Dès la création de la Carthage romaine – la Carthage originelle a été entièrement rasée -, l’élaboration de mosaïques a commencé. Images de dieux, de signes du zodiaque, de personnages, d’histoires – il y en a une avec des scènes de l’Iliade avec Ulysse et les Sirènes – d’animaux, de nourriture… toutes plus parfaites les unes que les autres.
Carthage
Pourquoi rester au musée du Bardo quand on peut visiter l’ancienne ville de Carthage ? Je suppose que, comme toujours, avec un peu de temps et les explications d’un archéologue ou d’un historien, la visite des ruines de Carthage peut être la meilleure partie de votre visite dans la capitale tunisienne, mais vous avez besoin de ces deux choses.
Sans eux, vous ne verrez que quelques vestiges des thermes d’Antonin, les plus grands de l’Empire romain au IIe siècle : quelques colonnes, une photo de ce à quoi ils auraient dû ressembler… et beaucoup de chats. Avec eux, les 5 000 hectares du site archéologique prendront vie : la Carthage originelle, les influences puniques, l’arrivée des Romains, la nouvelle Carthage…
Sidi Bou Saïd, les couleurs de la Tunisie
Des maisons aux murs blancs avec des touches de bleu sur les portes et les fenêtres.

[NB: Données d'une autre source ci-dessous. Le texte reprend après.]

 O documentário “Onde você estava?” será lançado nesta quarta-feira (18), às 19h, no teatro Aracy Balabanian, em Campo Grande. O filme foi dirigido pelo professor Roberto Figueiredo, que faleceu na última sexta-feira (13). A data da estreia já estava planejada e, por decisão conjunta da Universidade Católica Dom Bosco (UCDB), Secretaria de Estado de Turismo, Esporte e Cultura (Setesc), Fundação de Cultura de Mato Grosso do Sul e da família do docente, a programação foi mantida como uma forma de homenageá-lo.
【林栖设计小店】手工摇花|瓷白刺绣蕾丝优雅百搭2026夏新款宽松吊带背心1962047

Si Collioure était le village méditerranéen par excellence, Sidi Bou Saïd est le village méditerranéen par excellence du sud et vous rappellera les îles grecques ou les villages blancs andalous. Il n’y a pas grand-chose à dire, il s’agit simplement d’en profiter. Vous vous demandez peut-être pourquoi toutes les maisons sont ainsi ? Eh bien, c’est à cause de la loi, que sais-je encore ! Depuis 1920, une loi oblige toutes les maisons à être blanches et les portes, fenêtres et grilles à être bleues. Vous voyez, c’est une « beauté par décret » et par décret français.
Certes, la rue principale, Habib Thameur, est pleine de boutiques de souvenirs et de touristes, mais si vous sortez des sentiers battus, vous découvrirez que le reste de la ville est beaucoup plus calme. De plus, depuis Habib Thameur, vous ne pourrez pas profiter des fabuleux couchers de soleil de Sidi Bou Saïd. La ville est perchée au sommet d’une falaise surplombant la mer Méditerranée, et il existe de nombreux points de vue d’où l’on peut observer les murs blancs devenir dorés au fur et à mesure que le soleil se couche dans la mer.

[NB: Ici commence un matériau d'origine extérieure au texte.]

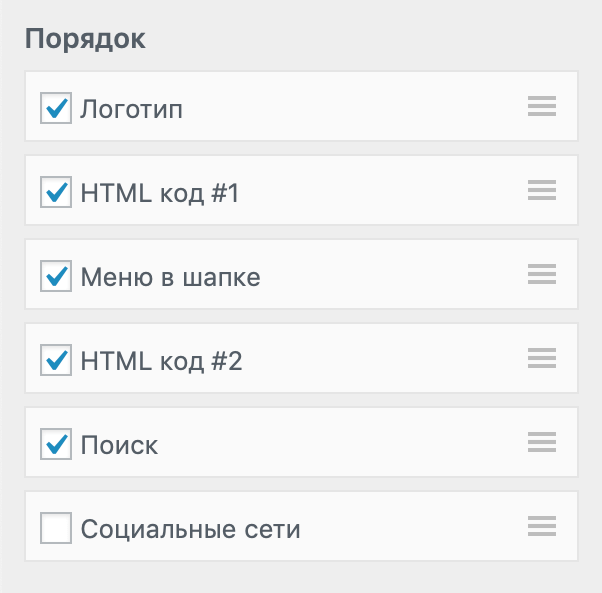 В этом разделе можно задать логотип сайта, указать любой произвольный HTML-код в шапке (например адрес офиса, номер телефона, вывести кнопку обратного звонка и т.д). Можно настроить произвольный порядок вывода блоков: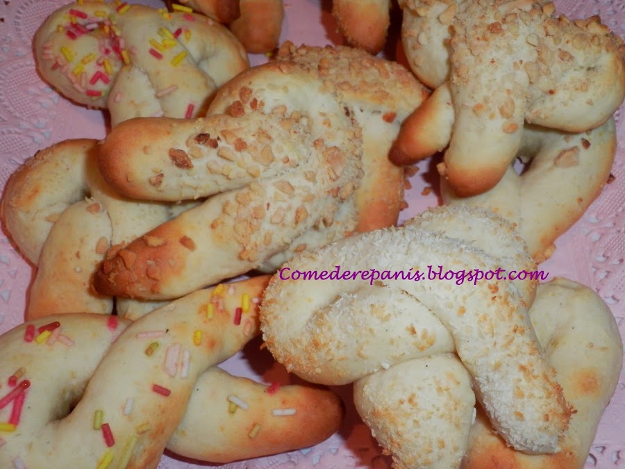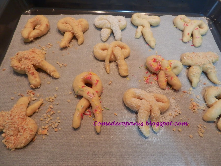 Colocamos todos nuestros lazos en una bandeja de horno y los espolvoreamos con lo que mas os guste, en mi caso he hecho unos con almendras, con coco y otros con sprinkles de colores.

Si vous êtes curieux, Sidi Bou Said doit son nom à un mystique soufi qui vivait dans le village au XIIIe siècle. Ce n’est qu’à la fin du 19e siècle qu’il a adopté son nom. Auparavant, il s’appelait simplement Djebel el Manar, la montagne du phare.
C’est le contrepoint parfait à la chaotique médina de Tunis, au centre européen bondé de la capitale, à l’overdose d’histoire du musée du Bardo ou à la « déception » de Carthage. Un village où l’on passe le temps et où l’on regarde le soleil se coucher avec un thé et des pignons.